I bought a chinese stainless steel sieve, and cut the mesh out of it, in a circle of just the right size to fit snugly against the underside of the frit, where the seep is. I didnt cut a complete circle, I also left a long tag of the woven stainless steel mesh so that I could connect my -ve battery charger terminal to it without getting hydroxide all over the terminal, which is not stainless :-)
Then I made a saturated solution of potassium bromide from KBr salt obtained from the friendly photography store... I usually have a lot of KBr lying around for density gradient centrifugation but it was cheap at the foto store, and anyway, this was just a protoype run, after all. It takes a while to dissolve, and you know you have a saturated solution when there is salt left over which refuses to dissolve into the distilled water which you use to make up good saturated solutions ;-) So I clamped the bottom half of the Reactor in a retort, with the top half hovering above it, poured in about 200mL of saturated KBr(aq) and then closed it all up.
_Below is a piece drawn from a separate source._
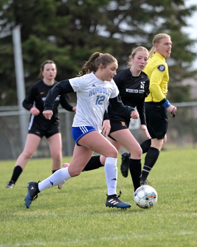 —Photo by David Borer HUMBOLDT’S KALEIGH VINSAND takes the ball down field against Webster City recently. For more photos, please visit CU.messengernews.net

The carbon rod was now dangling in the solution. Some of the solution had dribbled thru the frit, but I wanted that, since there was now electrical contact with the stainless steel mesh. The reactor was then closed, and stood clamped in a vertical orientation with a 500mL beaker under it to catch any further dribble from the frit.
I wrapped the protruding top of the carbon rod in aluminium foil, and clamped the +(red) end of a 2A, 12V car battery charger to it. I clamped the -(black) to the protruding end of the stainless steel mesh tag, and turned it on. Sure enough, the fluid immediately around the carbon rod went yellow, then a dense reddish brown, typical of elemental bromine. A faint fizzing sound was heard adjacent to the stainless steel mesh at the bottom, and a drop of the exudate from the mesh behaved strongly alkaline towards my litmus paper. So I let it run, happy that my imaginings about reduction of halogens were in some sense true. I imagine that since the unit reduced Br- to Br, that it would be suitable for other reductions too. Voltage, current and pH would all need to be regulated, of course, as would photon flux, temperature, nitrogen shielding (etc) for any photo/air sensitive or thermolabile products. After about an hour (I dunno what coulombs had been thru the system) the mother liquor was a deep red, and I turned off the juice, put on my goggles, took a deep breath, and opened the Reactor, and poured my newly made bromine water into a 250mL RB flask where I quickly stoppered it and put it in the fridge to cool (it was moderately warm). I washed the KOH in the beaker down the drain with a lot of water, then took the carbon rod out, washed it, dried it, returned it to its little box, and then I immersed the entire rig in hot water overnight. Bromine smells fairly unpleasant but my lab is well ventilated. Now... so I had this solution sitting in my refrigerator, with water, KBr and aqueous elemental bromine in it. How to separate them? Well given bromine's BP of about 57 degrees, I thought simple distillation would be the go. I set up just such a rig, complete with big anhydrous chunks of MgSO4 in the Claisen head to snarf any stray H2O molecules in the distillate, and ran a condenser with standard tap water, and expected a product to drop out into the 100mL RB, immersed in ice-saline, at the downstream end of the condenser. It was here that I discovered a problem. Bromine really hates to and obstinately refuses to condense. So I persuaded a stack of the brown-red vapour into a 2L 3 neck flask and took the lot of it down to -22C in the freezer. I got a teensie speck of solid Br2 after a week. Sheesh! So... apart from something really ritzy like a dry ice cold trap, has anyone any technical suggestions on how to get bromine to condense?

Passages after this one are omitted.